随着声音越来越大,苏薄终于听清了来人在说什么。
“咚!”
“我有罪。”
苏薄并没有急着探头出去观察情况,听着动静,来人似乎是在走廊,也不知是被操控着做了什么。声音越来越近,最后离苏薄只隔了一堵墙。
那人在墙的另一面不停地重复着“我有罪”,声音逐渐虚弱了下来。
苏薄猜测她要是再不出去,那人怕是会被游戏直接折磨死。但要用这人来实验眼球的话,还得帮他找到控制他的父母和那只关键的眼球。
“麻烦。”苏薄叹气,随后转了转因为长时间蛰伏在暗处而僵硬的手腕和脖子,侧身出现在了走廊上。
那是一个苏薄没有见过的劣等种。
也正常,D区的劣种舍多如牛毛,在苏薄看不见的地方,不知道有多少个堆满废弃智械和人体组织的劣种舍,蜂窝洞一样挤在一起。
正在用头撞击着木门的劣等种似乎已经维持这个动作很久了,他的脸上布满了额头处流下的血,滴答滴答在地上积了一滩。
看不清脸,只能看见一个血红色的脑袋,和脑袋背后棕黑色的短发。
被撞击的木门顶上突兀的嵌着一颗眼球。
眼球似乎很满意自己的杰作,微微眯起,眼珠一动不动地盯着下方被控制的劣等种。
苏薄准备直接用铁钉射爆它。
之前的一场场打斗使她更加强壮,随着怪物尸体的死去,它们身体内的生机似乎都转移到了苏薄的身体里。但苏薄感觉到能被她彻底吸收的那部分力量只是少数,大多数力量石沉大海般积攒在她身体深处,无法使用过来。
她的眼睛变得比以前更锐利,能看清空气中气流的变化,灰尘的浮动,甚至是,门上那颗眼球里的血丝。
“咚。”
“我有罪。”
在劣等种重复那段话的一瞬间,苏薄出手了。
说话声掩盖了铁钉划破空气的声音,木门上的眼球完全没有反应过来。
“噗!”
像吹满气的气球被扎破,在瞬间漏了气。
眼球里猛地爆出透明的粘液,淋了正在撞门的劣等种一身。
苏薄的身影彻底暴露在走廊的灯光下,那劣等种似乎还没从被控制的惯性中反应过来,他僵硬地保持着头撞在木门上的姿势,血球般的脸上嘴巴微张,露出了红白相间的牙齿。

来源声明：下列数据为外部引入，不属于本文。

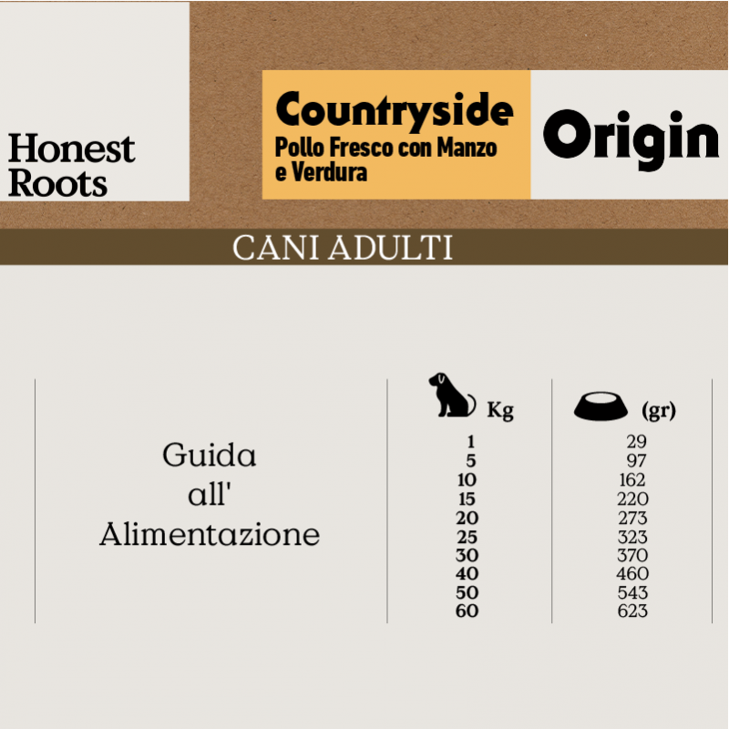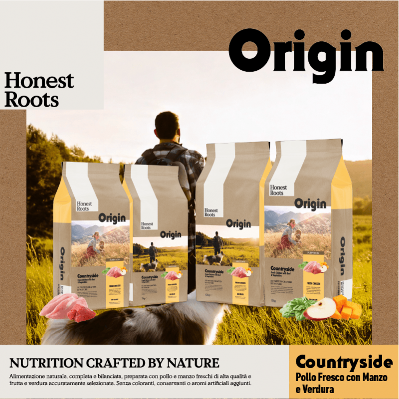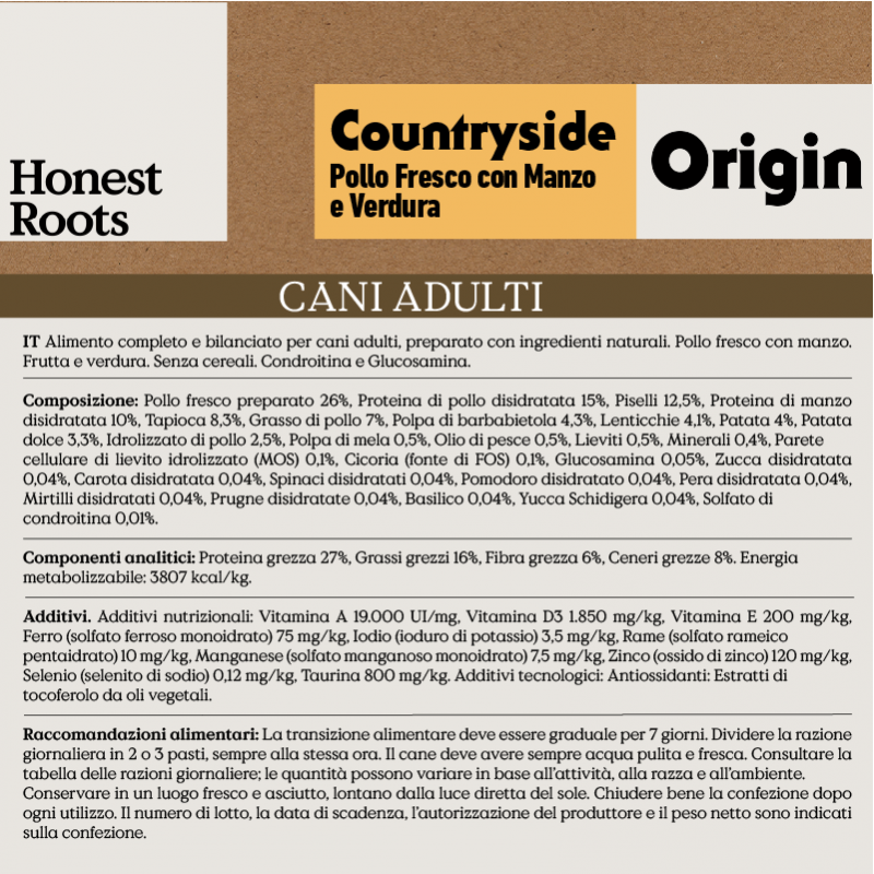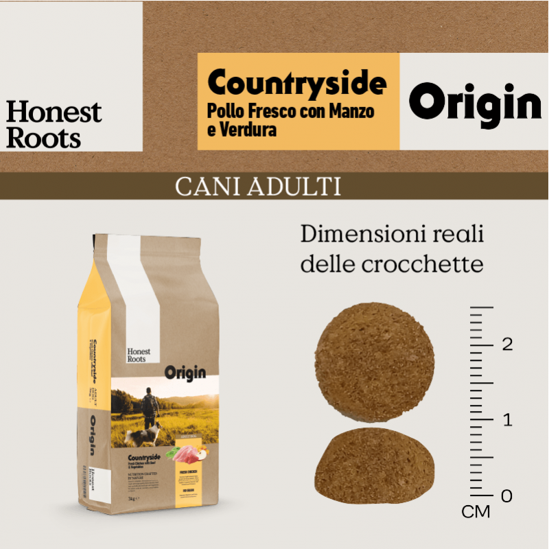 Realizzate con ingredienti naturali e senza additivi artificiali, le Honest Roots Origin Countryside Adult rappresentano l’essenza delle crocchette naturali per cani: nutrizione autentica, salutare e adatta alle esigenze di ogni cane adulto.

并没有给他缓过神来的时间,苏薄快步上前扯住他的衣领,然后垫脚取下了扎在已经干瘪的眼球上的铁钉。
“啪!”
劣等种被苏薄打晕了过去。
苏薄本想将他的身体放在原处,去杀死那对控制他的“父母”。但又担心等她回来男人会突然消失。毕竟男人还没有脱离控制,这个被杀死的眼球可能只是无数眼球之一,并不是最关键的那颗眼球。
于是苏薄就这么扯着男人的衣领,准备拖着他去寻找他对应的控制者。
她熟练地用铁钉破开木门,现在的她力道已经能够轻而易举地撬开门锁了。
接下来的一切都顺理成章,苏薄像专门收割眼球的死神,将房间内堆积成山的眼球一颗颗踩爆,为了提升效率,她又干脆把男人的身体当做武器,挥起来重重像眼球堆砸去。
“还挺解压。”
苏薄听着眼球啪叽啪叽破裂的声音感叹道。
黏在苏薄耳垂上的眼球:“......”根本不敢说话。